What intrigued me most, on first encountering the Moving Picture World story, was the identity of that Wilmington jazz band, a “local negro band of more than usual ability” that Bain knew about in the spring of 1920. Why isn’t the band named? From a present-day perspective, it’s a painful omission. The history of jazz in Wilmington is sketchily documented. That’s the case with a surprising amount of Wilmington’s rich, nationally significant Black history. This city’s past has for so long been shadowed by the infamous racial massacre and coup d’état that took place here in 1898. That violence, and an ensuing exodus of Black families away from the city, opened a great crack of cultural disruption in Wilmington’s memory of itself, and all sorts of stories have fallen into it.
Nevertheless, it is possible to say with some confidence who was playing the music in the horse-drawn float that day, moving slowly through the streets while the horses, carrying hooded riders, surrounded the wagon as if in a phalanx. There was only one jazz band operating in Wilmington in the spring of 1920, or at least only one that has left textual traces.
This time we have a name, Nixon. Nixon’s Silver-Bell Jazz Orchestra. And it’s a “colored” orchestra, as the Motion Picture World article specifies. So, was there a highly skilled Black musician with the last name of Nixon in Wilmington in 1920 who can be identified in the sources—one with whom a suburban white guy like Bain might easily get in contact?

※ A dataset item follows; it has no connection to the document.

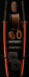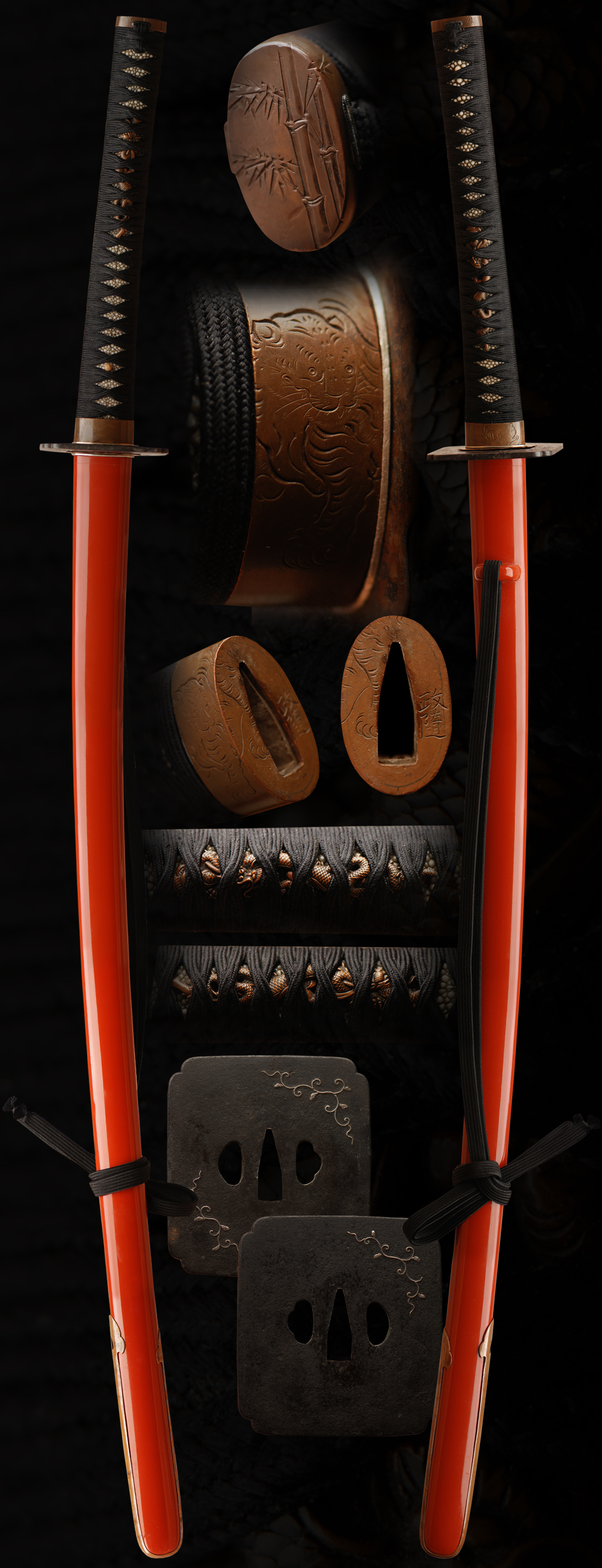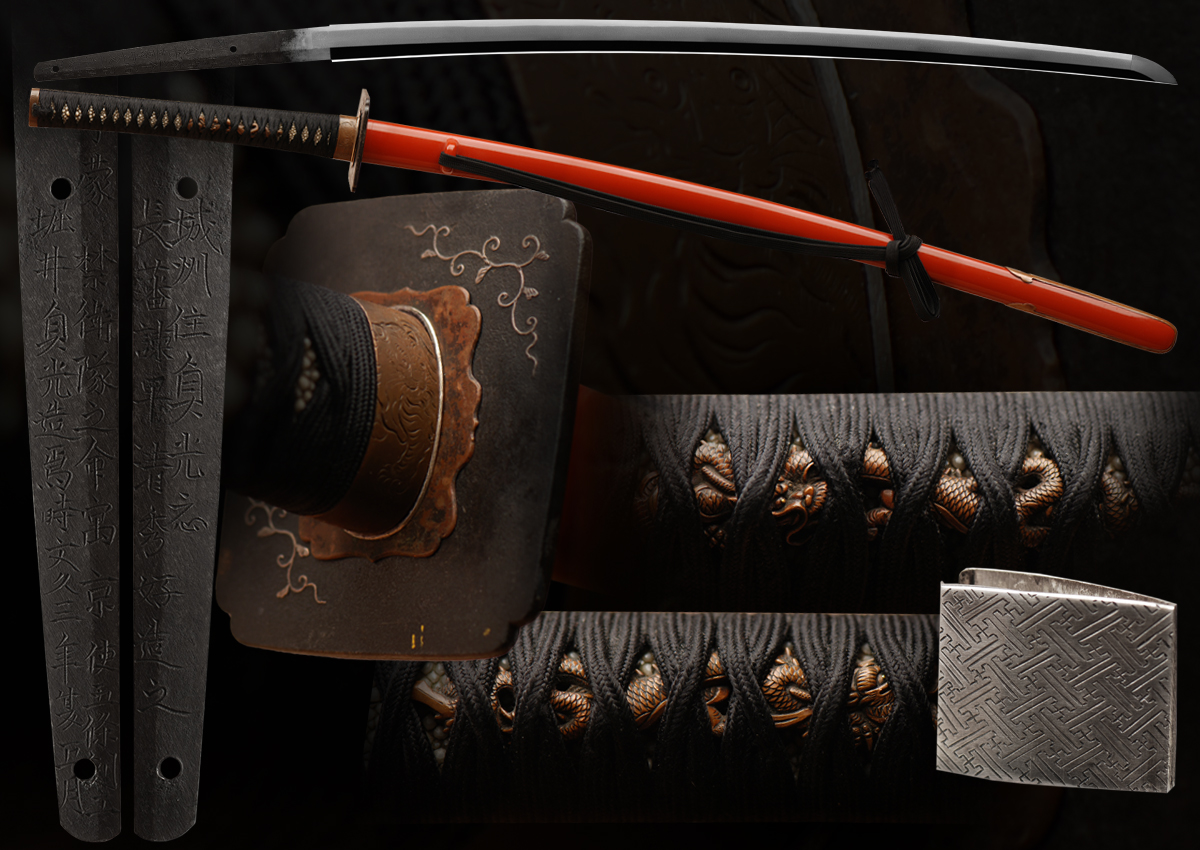 This sword is an exceptional part of Japanese history. The quality and care that went into making this special ordered sword is important to note. The hamon has rich nie and nio mix with many hataraki/activity within. The hada is tightly forged and is bold looking. To make such a long sword like this requires a high skill level from the smith in order to avoid flaws in the forging of this daito. The mounts are original and also powerful looking. The saya was restored to its original satsuma style color. The tsukamaki has been also restored and is sound. The fuchi and kashira are very large and out of the norm. They are cooper and the design of the tiger was cut even to the inside of the fuchi. The set is also signed. The menuki are also extreamly large dragons in copper and of good quality. It has two sets of seppa, one in copper to match the copper fittings and the other in silver to match the silver inlay in the tsuba. Also note that the tsuba is very large and not of the normal size. Swords like this were actually very desirable and carried during this time period. This very large style of swords compares with the swords made during the Nambokucho era ( 1333-1391). This sword comes with papers from the NBTHK and also has a fine sayagaki done by Tanobe Sensei in Japan. No expense was spared on this sword, from the making of it to the restoration of it. Not many swords like this are regularly found on the open market, many are in museums and high end collections.

There was. His name was Arthur Eugene Nixon. The investigation of this photo gives us a chance to recover his extraordinary life. He was a pure product of the Black intellectual world that developed and flourished in Wilmington during the roughly three decades between Emancipation and the massacre of 1898. In fact, his father, John, who died when Arthur was still a teenager, had been considered by many a kind of unofficial mayor of that world. The Nixons were “a large, thrifty, and influential family,” according to an obituary of the father that ran in the New York Age in 1906.